Posted: January 2, 2014 | Author: bostonboomer | Filed under: Barack Obama, Foreign Affairs, morning reads, U.S. Politics | Tags: Akademic Shokalskiy, clemency, distress signal, Edward Snowden, Glenn Greenwald, Keystone XL pipeline, metadata, Minneapolis fire, National Transportation an Safety Board, North Dakota train derailment, Russian FSB, Snowzilla, Sochi Winger Olympics, surveillance by Russia, winter weather | 44 Comments
Boston's Beacon Hill in Winter

Boston’s Beacon Hill in Winter

Good Morning!!

This post is late because I had a computer emergency this morning. Fortunately I got it resolved after a struggle, but I was on the verge of panic for a bit. I hate computer problems.

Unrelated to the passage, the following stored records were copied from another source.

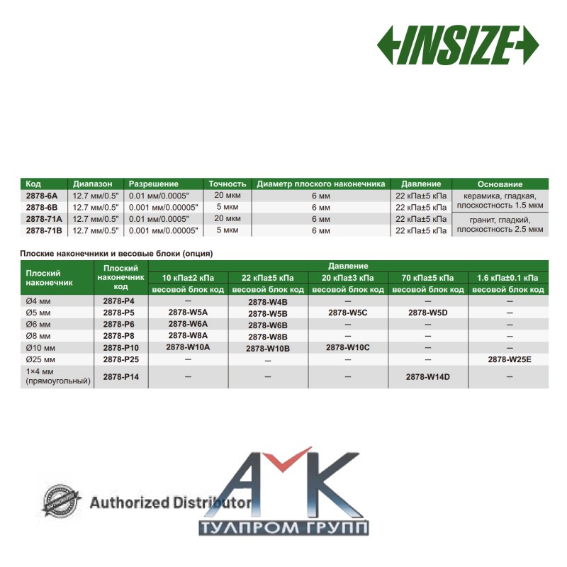 Цифровые толщиномеры для мягких материалов арт. 2878-6А, диап. измерения 0-12,7 мм / 0-0,05", дискретность 0,01 мм / 0,0005", от INSIZE
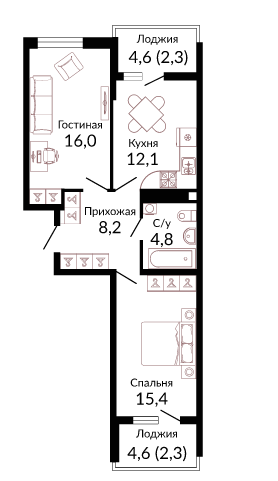 В квартире качественный предчистовой ремонт, комнаты правильной формы, две лоджии!
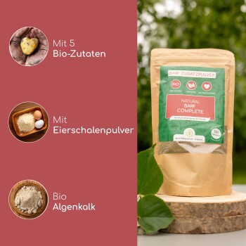 GANZHEITLICHE NÄHRSTOFFQUELLE: Unterstütze die tägliche Ernährung deines Hundes mit unserem BARF Zusatzpulver, das essentielle Vitamine, Mineralstoffe und Kräuter für eine optimale Gesundheit enthält. FÖRDERT DIE VITALITÄT: Die einzigartige Mischung aus natürlichen Zutaten wie Seealgenmehl und Bio Gras- und Bio Kräuterextrakten stärkt das Immunsystem und fördert die Vitalität deines Hundes. IDEAL FÜR ALLE HUNDE: Egal ob jung oder alt, unser Zusatzpulver passt perfekt zu jedem Hund und jeder Ernährungsweise, von BARF bis zu handelsüblichem Futter. LEICHT ZU DOSIEREN: Das feine Pulver mischt sich problemlos unter jedes Futter, sodass du sicher sein kannst, dass dein Hund alle benötigten Nährstoffe erhält. HERGESTELLT MIT BIO-ZUTATEN: - Vertraue auf die hohe Qualität unseres Produkts, das zu 18% aus Bio-zertifizierten Zutaten besteht und frei von künstlichen Zusätzen ist.
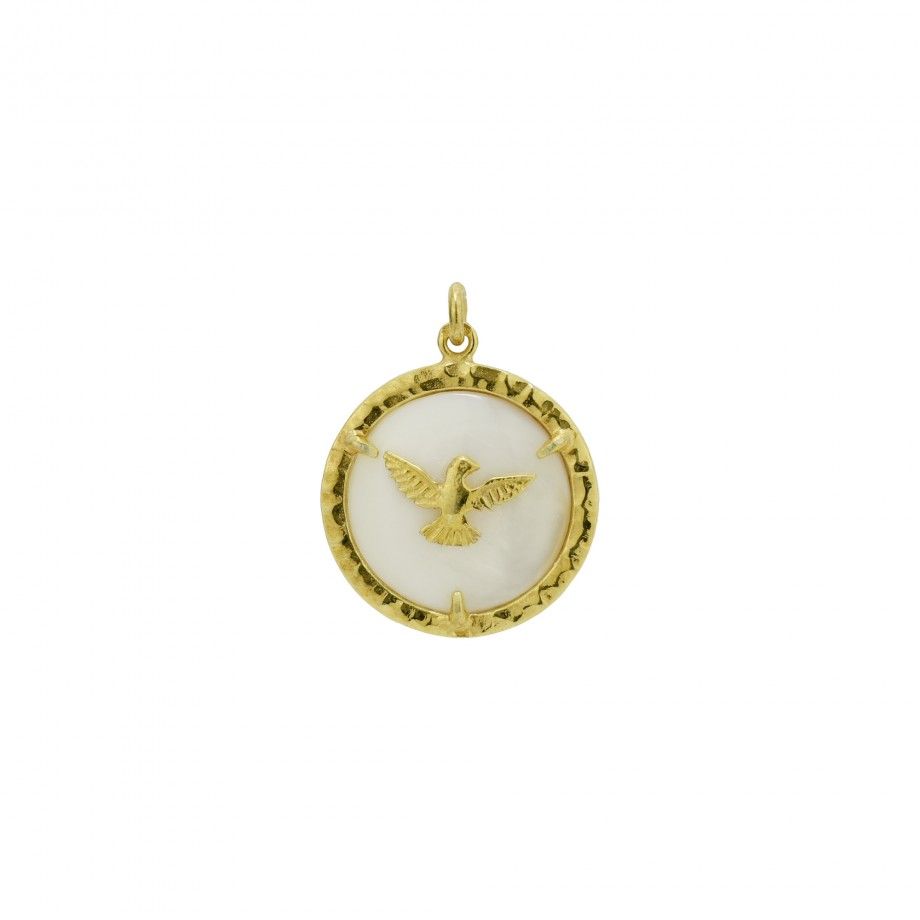 Medalha em prata banhada a ouro, com madreperola e Espirito Santo.
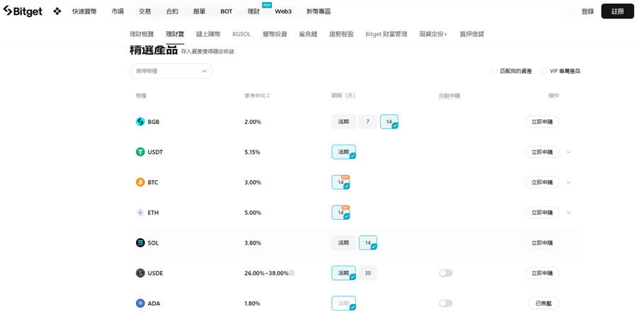 特点:通过将加密货币锁定于币安平台上参与区块链网络的运行和验证获得奖励。收益:根据不同币种和区块链网络的机制,质押收益各不相同,有些币种的年化收益率可达两位数。适用人群:希望持有加密货币并支持特定区块链网络的长期投资者。常见币种:ETH、SOL算是比较热门的质押类型。

The first big winter storm of 2014 has begun. Here in Greater Boston, we have a couple of inches on the ground. We were supposed to get heavy snow last night, and now they’re saying it will come tonight instead. We’re supposed to get light snow through out the day and we have blizzard warnings in effect for tonight with about a foot of snow expected by tomorrow. We’ll see . . . the weather people haven’t been that accurate so far this winter. But it’s a huge storm that will affect people across the Midwest, the Mid-Atlantic states and New England.

Reuters reports: Powerful storm bears down on U.S. Northeast with Arctic temps.

The double-barreled storm system stretching from the lower Mississippi Valley to the Atlantic coast could dump more than 12 inches of snow in some areas, especially southern New England, by Friday morning, the National Weather Service said.

“Heavy snow, strong winds, frigid temperatures and dangerous wind chills are in forecast for much of the region,” it said in a statement.

The storm is expected to snarl traffic on the I-95 highway corridor between New York and Boston, the weather service said. At the southern edge of the storm, Washington is expected to receive less than one inch of snow.

The powerful storm forced about 1,000 U.S. flights to be canceled and about 250 delayed, with the worst-affected airport Chicago’s O’Hare International, according to FlightAware, a website which tracks air travel.

NPR has a summary of the weather situation, with links: 100 Million People In Path Of 2014’s First Wintry Blast.

In the Arctic, the passengers on that stranded ship have finally been rescued. NBC News:

All 52 passengers who were stranded aboard an ice-locked ship in Antarctica for more than a week were rescued by helicopter early Thursday, officials said.

The Akademic Shokalskiy sent out a distress call on Christmas morning after it became surrounded by sea ice while on a scientific mission more than 1,700 miles south of Australia.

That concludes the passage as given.